Pi B+ build of os8-v3f-extensions fails

(1) By tangent on 2018-12-03 11:30:19 [link]

I'm seeing a repeatable — 3 times now — test failure on my Pi B+ when trying to build the software in-tree:

bin/os8-run ./media/os8/scripts/all-tu56.os8 --enable td12k
Running script file: ./media/os8/scripts/all-tu56.os8
Building OS/8 v3d tu56 image
for td12k configuration of TD8E.
before:
after: .
before: Y
after: SYS BUILT
Traceback (most recent call last):
  File "bin/os8-run", line 222, in <module>
    main()
  File "bin/os8-run", line 206, in main
    os8.run_script_file (script_file)
  File "/home/pidp8i/pidp8i/lib/os8script.py", line 917, in run_script_file
    retval = commands[m.group(1)](rest, script_file)
  File "/home/pidp8i/pidp8i/lib/os8script.py", line 1366, in os8_command
    self.simh.os8_send_cmd ("\\.", os8_comm)
  File "/home/pidp8i/pidp8i/lib/simh.py", line 303, in os8_send_cmd
    self._child.expect ("\n%s$" % prompt)
  File "/usr/local/lib/python2.7/dist-packages/pexpect/spawnbase.py", line 327, in expect
    timeout, searchwindowsize, async_)
  File "/usr/local/lib/python2.7/dist-packages/pexpect/spawnbase.py", line 355, in expect_list
    return exp.expect_loop(timeout)
  File "/usr/local/lib/python2.7/dist-packages/pexpect/expect.py", line 104, in expect_loop
    return self.timeout(e)
  File "/usr/local/lib/python2.7/dist-packages/pexpect/expect.py", line 68, in timeout
    raise TIMEOUT(msg)
pexpect.exceptions.TIMEOUT: Timeout exceeded.
<pexpect.pty_spawn.spawn object at 0xb69007b0>
command: /home/pidp8i/pidp8i/bin/pidp8i-sim
args: ['/home/pidp8i/pidp8i/bin/pidp8i-sim']
buffer (last 100 chars): 'R CCL\r\n'
before (last 100 chars): 'R CCL\r\n'
after: <class 'pexpect.exceptions.TIMEOUT'>
match: None
match_index: None
exitstatus: None
flag_eof: False
pid: 22766
child_fd: 5
closed: False
timeout: 30
delimiter: <class 'pexpect.exceptions.EOF'>
logfile: <open file '/home/pidp8i/pidp8i/obj/os8-run.log', mode 'w' at 0xb64fd230>
logfile_read: None
logfile_send: None
maxread: 2000
ignorecase: False
searchwindowsize: None
delaybeforesend: None
delayafterclose: 0.1
delayafterterminate: 0.1
searcher: searcher_re:
    0: re.compile("
\.$")   
Makefile:611: recipe for target 'bin/v3d-td12k.tu56' failed
make: *** [bin/v3d-td12k.tu56] Error 1

These test failures have various attempts at voodoo debugging interspersed. (make clean, make reconfig, etc.)

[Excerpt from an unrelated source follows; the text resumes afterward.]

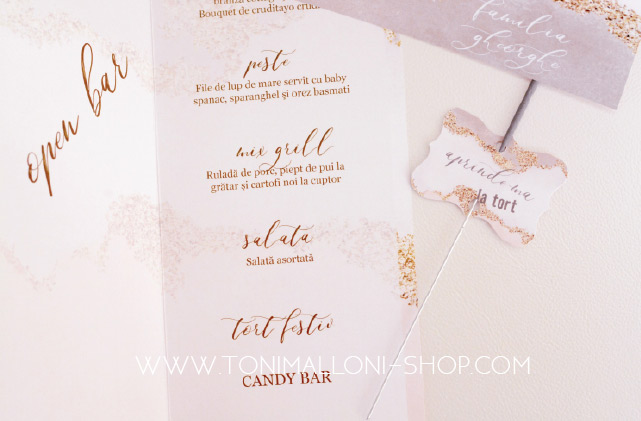 DESIGN UNIC - PRODUSE CUSTOMIZATE  - Tot experienta ne spune ca fiecare client sau eveniment are particularitatile lui, asadar, daca nu gasiti produsul dorit online, scrieti-ne un mail ( shop@tonimalloni-shop.com ) sau pe chat sau pe whatsup la numarul 0723 701 348 , unde va simtiti mai liberi si mai confortabili si impreuna, cu siguranta vom concepe si produce produsele sau serviciile dorite.

Here's the tail end of obj/os8-run.log:

.RU RKA0:FOTP.SV^MRU RKA0:FOTP.SV^M
*DTA0:<RKA0:TDCOPY.SV^MDTA0:<RKA0:TDCOPY.SV^M
*DTA0:<RKA0:TDFRMT.SV^M^[DTA0:<RKA0:TDFRMT.SV^M
*$^M
.^E^M
Simulation stopped, PC: 01207 (KSF)^M
sim> show td0
show td0^M
TD0 190KW, attached to /home/pidp8i/pidp8i/bin/v3d-td12k.tu56, write enabled^M
    12b^M
sim> boot td0
boot td0^M
^M
.R CCL^MR CCL^M

The last appears to be line 281 from all-tu56.os8. It appears to be expecting a prompt after running CCL which never arrives.

While the B+ is a single-core ARM, causing mmake to only run a single build step at a time, I was able to avoid the error by re-running with just plain make. I don't know if that's a fluke or if there is some essential difference beween make and make -j1 on Raspbian Stretch, so I'm going to re-do the test under plain make again after removing the V3F tapes. That'll take another half hour or so, so I'm choosing to post this now rather than wait for a fifth run.

(2) By poetnerd on 2018-12-03 18:22:52 [link] in reply to 1

I think this is another manifestation of the ^C in BUILD race condition that I thought I fixed, but was only active when debugging was enabled. Update now with the expectation that it won't happen again.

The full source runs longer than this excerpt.